As a well-spent day brings happy sleep, so a life well used brings happy death.  ~Leonardo da Vinci

This entry was posted in death, dying, Faouzi Skali, gratitude, joy, life, life, love, morality, spirituality and tagged , , , , , , . Bookmark the permalink.

6 Responses to Like You Were Dying

  1. kianys says:

    “Life. While it may not always be a figurative “Happy Meal”, it’s the biggest and best banquet in town. And as a good friend of mine is fond of saying, “It’s all that and a bag of chips.” So, eat well! And remember to say “Thank You” each and every day!”

    – You nailed it with this! I admit that I have a hard time being grateful for every day stuff I take for granted. I’m not spoiled (or maybe I am but not more than any other middle class person living in the western society), I’m just so distracted with replaying worst-case-scenarios for future situations in my head (in an attempt to be prepared or so I tell myself at least), that I tend to forget the living part.

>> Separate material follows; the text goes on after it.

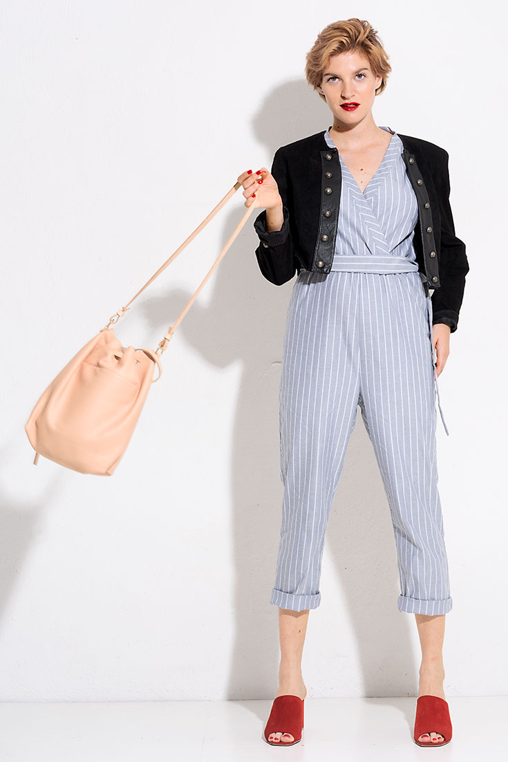White Stripes – Cropped Vintage-Jacket aus Veloursleder über kleiderei.com, 49 Euro im Kleiderflatrate- Monatsabo. Gestreifter Overall mit Bindegürtel aus Organic Cotton von Jungle Folk*, 250 Euro. Rote Mules aus Veloursleder von Aeyde (Vintage). Roséfarbene Bucket Bag aus pflanzlich gegerbtem Leder von Lellor, 190 Euro.

    On the other hand I’m pretty aware of mortality – I think it comes with losing my mother at a young age. Death was and always will be an immanent part of life for me. Not a scary one. Just a very real factual kind of thing.

    The one thing I do do is to always tell my boyfriend or family or friends that I love them when I end a conversation or a visit with them. And not just a random I love you either. A sincere I love you (even though I may be pissed off at you right now) – I love you.

    This might be part of my dealing with my seperation anxiety though – my worst fear is not dying, it’s being abandoned

    • Thank you so much for your comments! You are not alone. I believe it’s a battle many of us here in the western world fight with ourselves. We know- but do we do? I lost my mother to cancer just this past summer. I can only imagine having that happen at such a young age. I’d imagine that fear of abandonment would be terribly hard to get over.
      I always say a sincere “I love you” too, because you never know…

  2. Such good advice. People who are aware of their mortality are generally – ironically – often less afraid of death.

  3. Focus not on the end of life. Instead, focus on the living of life as if every moment was a treasured gift, because it is.